Existe uma miríade de razões para se manter (e sustentar) um anonimato, mas o motivo mais ingênuo de se acreditar é o de covardia. “Anônimos não dão a cara pra bater”, sim, porque talvez não seja esse o propósito deles. O anonimato hoje é, mais do que jamais foi, um posicionamento político mesmo, acima de qualquer coisa. Se é anônimo necessariamente para veicular uma mensagem que é proibida por algum tipo de poder vigente e isso me parece muito maior e às vezes até mais importante do que apenas uma questão de segurança, covardia ou timidez.
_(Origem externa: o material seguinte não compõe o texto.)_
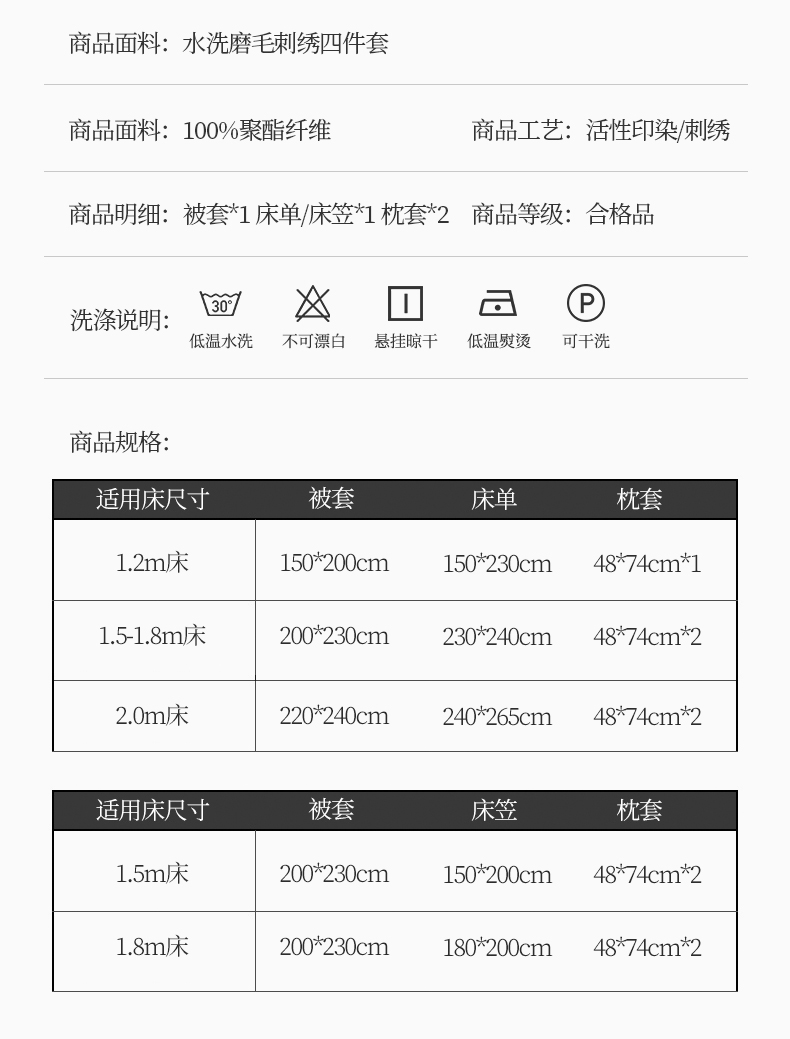1.5m床笠款四件套 | ¥65.00 |

Anonimato pelo anonimato tem aos montes também, fakes estão aí por todas as partes. Mas mesmo quem é anoniminho faz certa questão de compartilhar informações ou opiniões, quer, necessariamente, atingir algum público. Ou seja, discrição: você está fazendo isso errado. Se a interatividade fosse realmente desnecessária, se obter feedback fosse indiferente (“não me importo com o que pensam”), não haveria necessidade algum de exposição, em primeiro lugar. Não vejo o sentido..

O pseudo-anonimato geralmente não funciona por muito tempo: quando muitos já sabem de quem se trata, a liberdade para se dizer o que quiser, como e quando quiser torna-se cerceada. As opções então não parecem muitas: desistir da ideia de anonimato ou assumir responsabilidade pelo que compartilha e emite em rede. Tudo tem um preço: ou se é anônimo ou não.  Arranjar um meio termo referente a esta questão é o que me parece um tanto quanto esquizo: quero poder falar, mas na verdade não quero. Ou não posso. Ou ainda: não sei como.

  1. Lucas Sucas

    Uma coisa que ficou faltando foi falar de indentidades coletivas, bastante usadas por grupos subversivos como forma de tirar o foco do interlocutor e focar mais na mensagem. Um exemplo que um gosto bastante é o de Luther Blisset, que é narrado no livro Guerrilha Psiquica.

    Mas é interessante perceber como o conceito de identidade sofreu uma mutação muito grande. Antes era uma questão praticamente filosófica, se formos pensar do surgimento na Grécia e talz (eu acho). A questão de identidade era uma questão mais ética ou estética, de se saber quem se é e assim traçar os objetivos de sua vida.

    Hoje parece ser mais uma questão plástica. Não se precisa ser nada nem ninguém. Apenas parecer. Troca-se de identidade, de valores, de pensamentos como se troca de roupa ou de nickname.

    Fico me perguntando se não é isso que nos torna cada vez mais individualistas e com menos consciência de coletivo: a falta de identidade.